Problem Child


Michael Fassbender shines as Steve Jobs, the eponymous hero/villain of a biopic written by word wizard Aaron Sorkin, directed by Danny Boyle. Spanning fifteen years, Steve Jobs is divided into three sections: 1984, before the launch of the Macintosh; 1988, before the launch of the NeXt Cube; 1998, before the launch of the iMac.  Each section brims with Sorkin’s rat-a-tat dialogue, as Jobs takes turns verbally sparring with his partner Steve Wozniak (Seth Rogen), a marketing ace (Kate Winslet), and the Apple CEO (Jeff Daniels). In the most impressive of these tête-à-têtes, flashbacks of a backstory are interspersed and edited so deftly that, momentarily, past and present are conflated in a phantasmagoria.
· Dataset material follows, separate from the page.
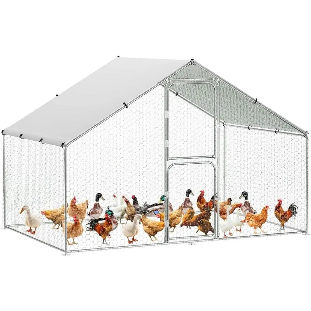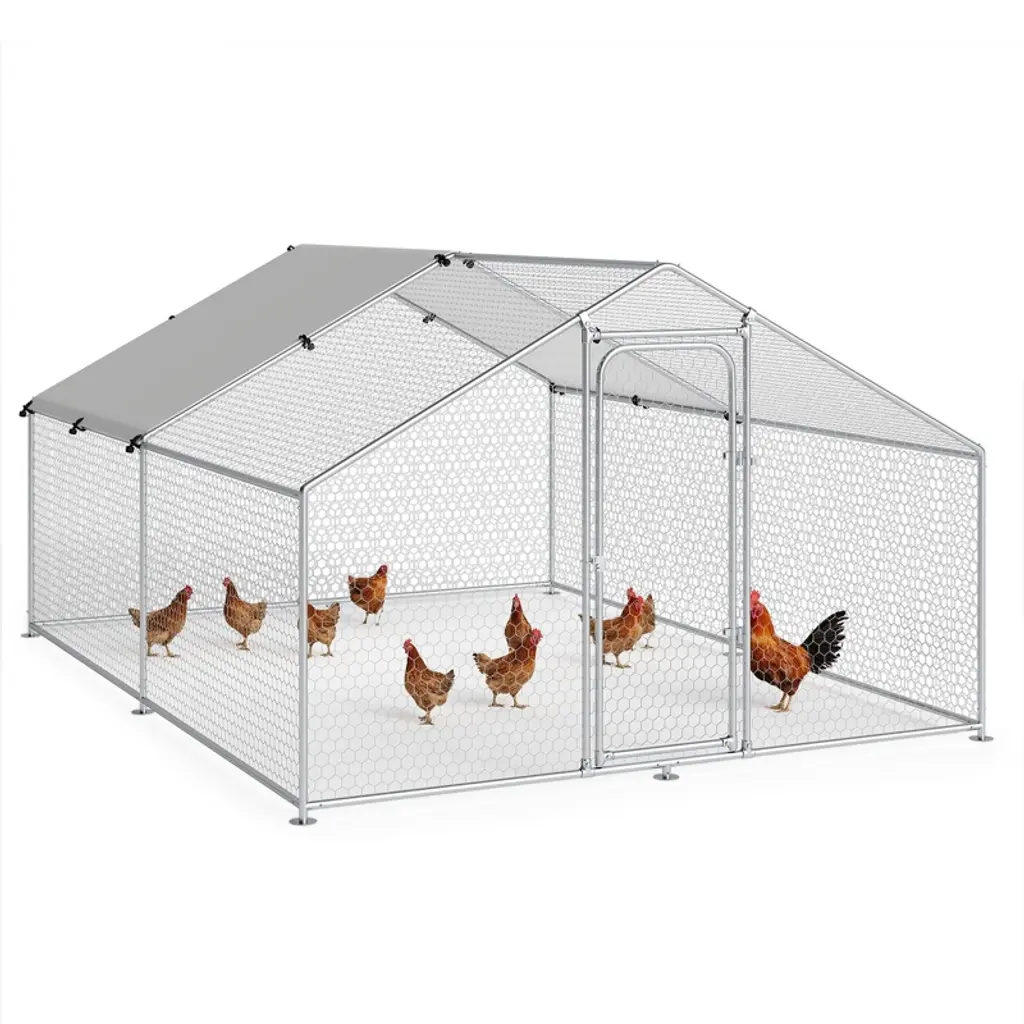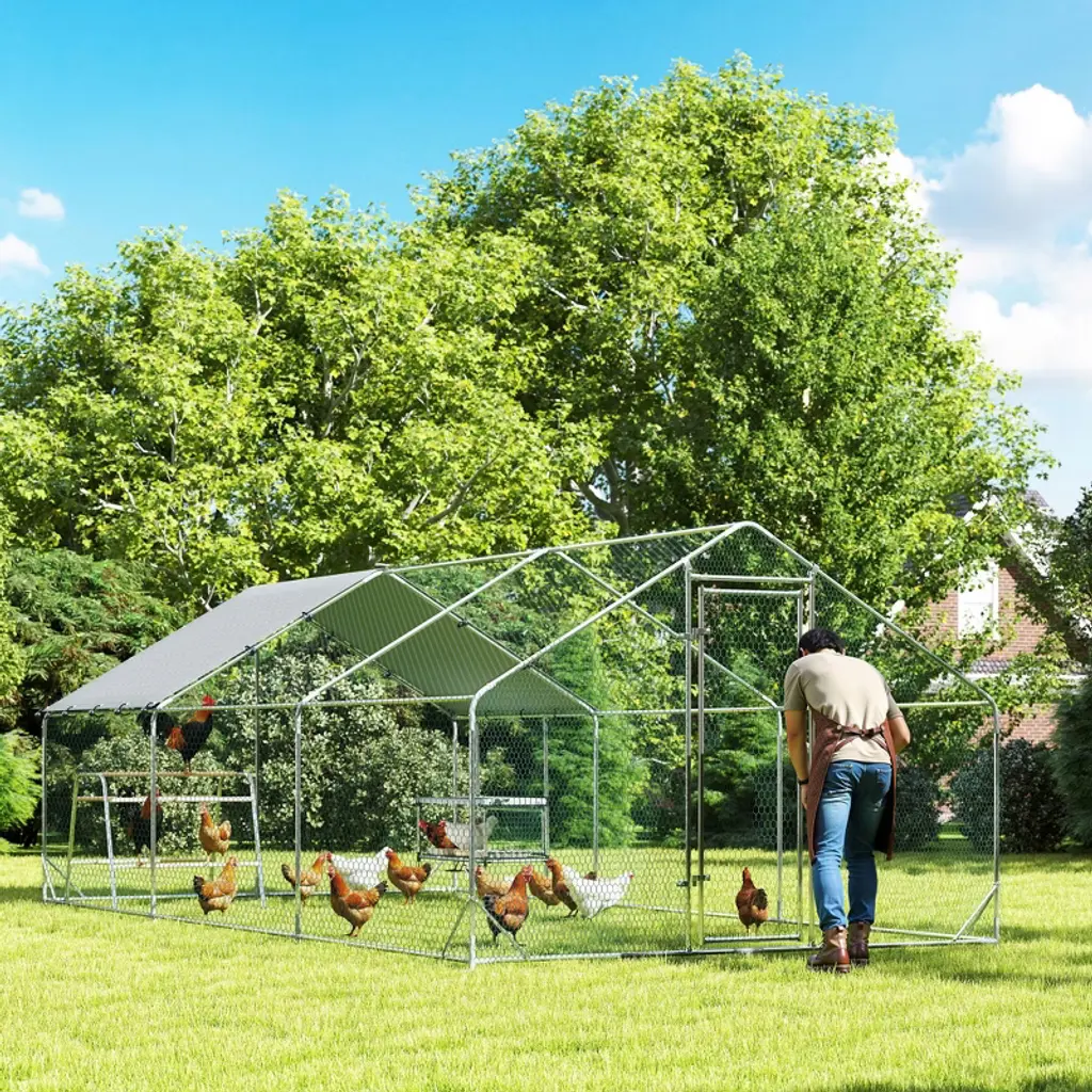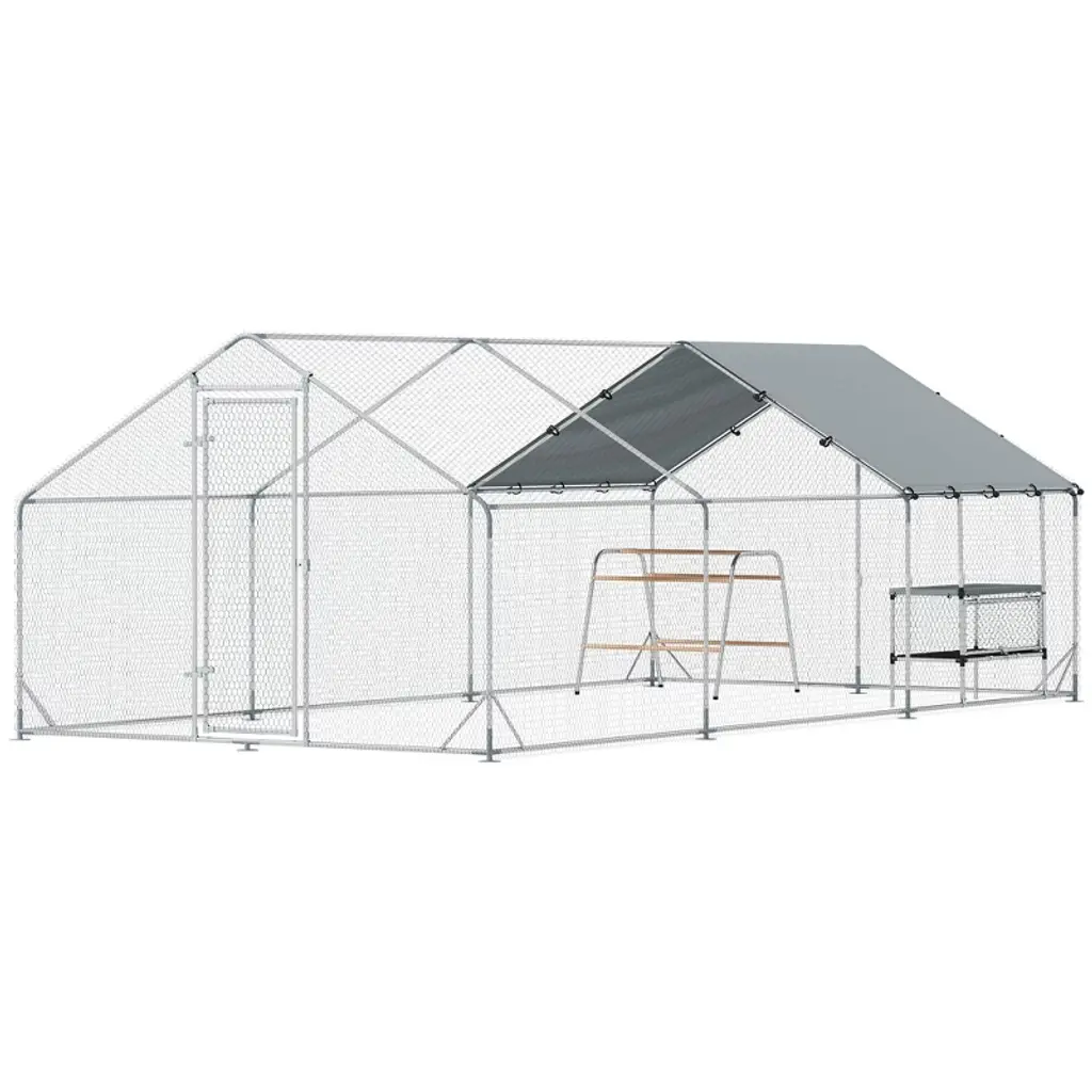Pawhut Large Metal Chicken Coop, Walk In Chicken Run For Yard With Waterproof & Anti-uv Cover, Roosting Bar, Nesting Box, 9.8' X 19.7' X 6.4'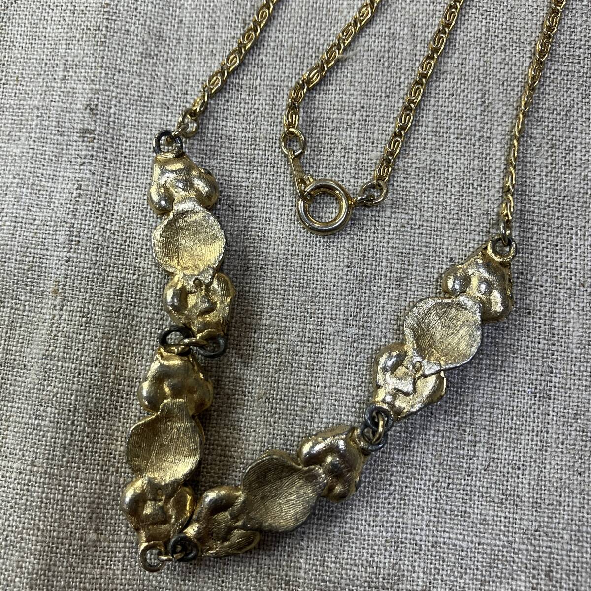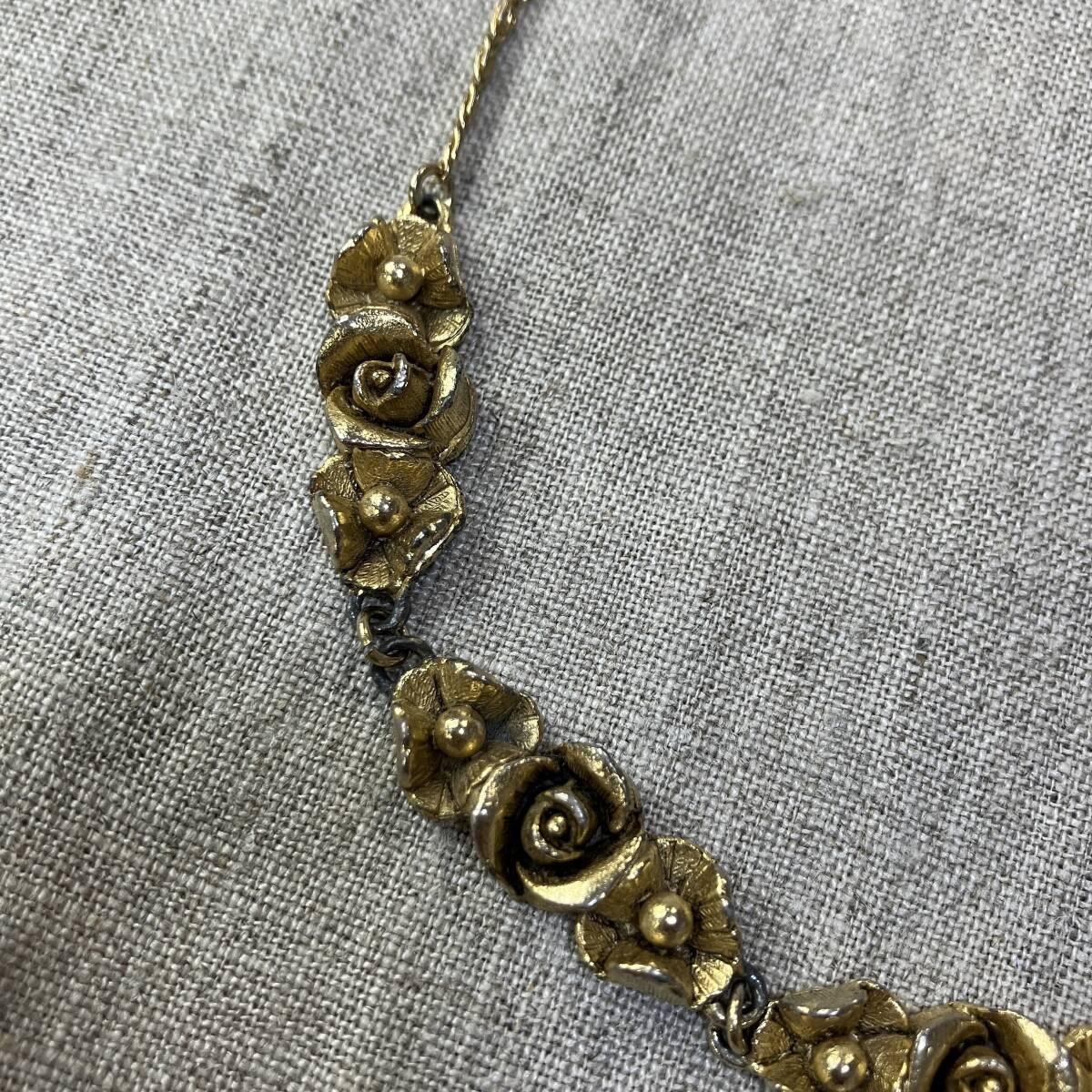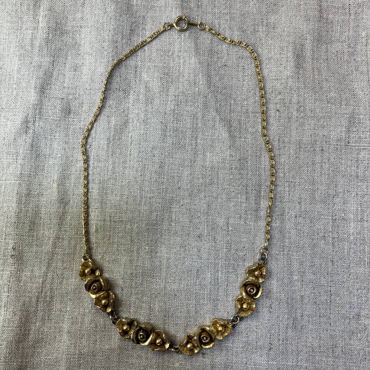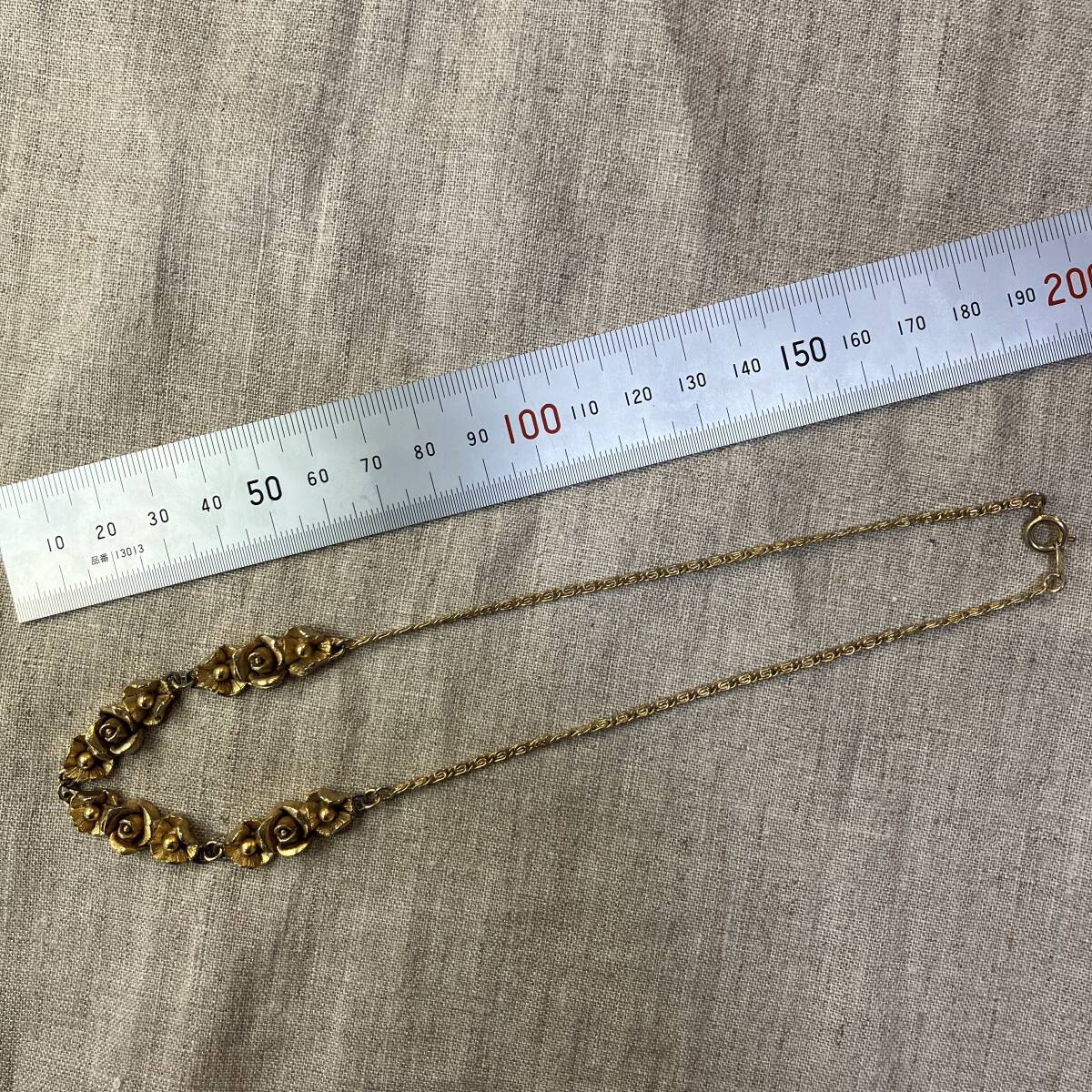【一点もの】フラワー ローズ モチーフ ネックレス ゴールドカラー ヴィンテージ風 ショート丈 中古 良品

Lines like “Don’t act dumb, you can’t pull it off” and “God sent his only son on a suicide mission, and we forgave Him because He gave us trees” are volleyed back and forth. The characterization of Steve Jobs is a pendulum, swinging from negative to positive. We glimpse an egotistical, somewhat paranoid, patronizing, Machiavellian Jobs as well as a charming, generous, attentive, even modest Jobs. For emotional resonance, the film lapses into a sentimental storyline about Jobs’s strained relationship with his daughter, Lisa, and her mother (Katherine Waterston). Some viewers will find it difficult to believe that before every launch Jobs was accosted by his estranged lover and/or his daughter, the ghosts of his past. Sorkin acknowledges this bit of contrivance with a line of dialogue that Jobs utters. Listen up, because, at the rate this movie moves, you might just miss it.